Ebola Won't Spread in the U.S., Say Doctors — So Stop Worrying
On Saturday afternoon, the first of two American Ebola patients being flown into the U.S. from Liberia, landed in Atlanta to be treated at Emory University Hospital. Dr. Kent Brantley is believed to be the first patient ever to be treated for the disease in the United States. But don't worry: The as-yet-incurable virus's mere presence in the U.S. doesn't by any measure mean that we're about to have an outbreak. In fact, it's actually really hard for the virus to spread under the stringent conditions imposed at the hospital, which is near the headquarters of the Centers for Disease Control and Prevention. Yeah, they know what they're talking about.
Brantley and his colleague Nancy Writebol, another American aid worker who will return "within the next few days," weren't flown in for some kind of miracle treatment not available in Liberia. In fact, doctors say, it was because they are American citizens who "deserve to have the highest level of care offered for their treatment," infectious-disease specialist Dr. Bruce S. Ribner told the New York Times. That treatment will simply involve keeping the patients alive by maintaining their vital functions, hoping that the body, once it has help with the basic functions of life, will fight back against the virus on its own.
This all sounds pretty scary. And it is if you're infected. But if you aren't, if you're not close to anyone who is, and if you don't work in the Ebola ward of a hospital, you don't have anything to worry about. Here's why:
1. It's really hard to spread
Dr. Stephen Morse, a professor of epidemiology at Columbia's Mailman School of Public Health, digitally eased worries about transmission during a Reddit question-and-answer session on Friday:
For people concerned about Ebola coming to America, it doesn’t spread easily and if a hospital that has a patient uses rigorous infection control procedures there is no danger of spread to others. The healthcare workers and other caregivers like family members are the ones who need to be especially careful to get training and personal protective equipment in infection control.

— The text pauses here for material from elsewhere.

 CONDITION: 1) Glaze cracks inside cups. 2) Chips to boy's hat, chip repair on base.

2. If an early case is caught by doctors, the rest of the population will probably be fine
Dr. Margaret Chan, director-general of the World Health Organization, delivered remarks on Friday to the presidents of countries currently experiencing outbreaks. She emphasized that much of the outbreak in those countries right now can be chalked up to people hiding their own or their relatives' condition from doctors until it's too late. Since the cases in the U.S. are clearly already being treated, an outbreak isn't suddenly going to strike Atlanta.

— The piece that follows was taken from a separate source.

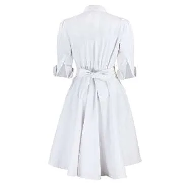 Show moreIntroducing the ultimate blend of style and practicality, the White Nurse Uniform Scrub Dress. Designed specifically for healthcare professionals, this dress combines a polished look with enhanced functionality. Its full circle skirt provides ample room for movement, while the chic high stiff collar and French cuff sleeves give you that smart, professional appearance. A convenient zipper on the side ensures easy wear, while the elastic waistband adds comfort for those long shifts. Plus, with a charming bow tie on the back and deep side pockets, you'll never have to compromise on style or utility during your workday.

This is not just a medical or public health problem. It is a social problem. Deep-seated beliefs and cultural practices are a significant cause of further spread and a significant barrier to rapid and effective containment. This social dimension must also be addressed as an integral part of the overall response.
… In some areas, chains of transmission have moved underground. They are invisible. They are not being reported. Because of the high fatality rate, many people in affected areas associate isolation wards with a sure death sentence, and prefer to care for loved ones in homes or seek assistance from traditional healers.
3. It isn't airborne
In remarks on Wednesday, Dr. Peter Piot, who helped discover Ebola and currently leads the London School of Hygiene and Tropical Medicine, explained that even being in the same room as someone with Ebola isn't enough to catch it.
I don't think that will give rise to a major epidemic. … Spreading in the population here, I'm not that worried about it.
I wouldn't be worried to sit next to someone with Ebola virus on the Tube as long as they don't vomit on you or something. This is an infection that requires very close contact.
4. It's no match for a well-maintained hospital
After the American patients' impending evacuation was announced on Friday, Atlanta residents began to worry about the virus's mere presence in their hometown. But Dr. Anthony Fauci, director of the National Institute of Allergy and Infections Diseases, quelled fears by explaining that when the disease is contained in such an advanced hospital, there's nothing to worry about. Really.
Given the health care infrastructure and our ability to isolate people who are infected and to take care of them with the proper protective equipment, it is extraordinarily unlikely that there would be an outbreak in the United States so people should not worry. It’s the lack of health care infrastructure that leads to the problems.
Don't worry. This isn't Pandemic. Just be sure to wash your hands.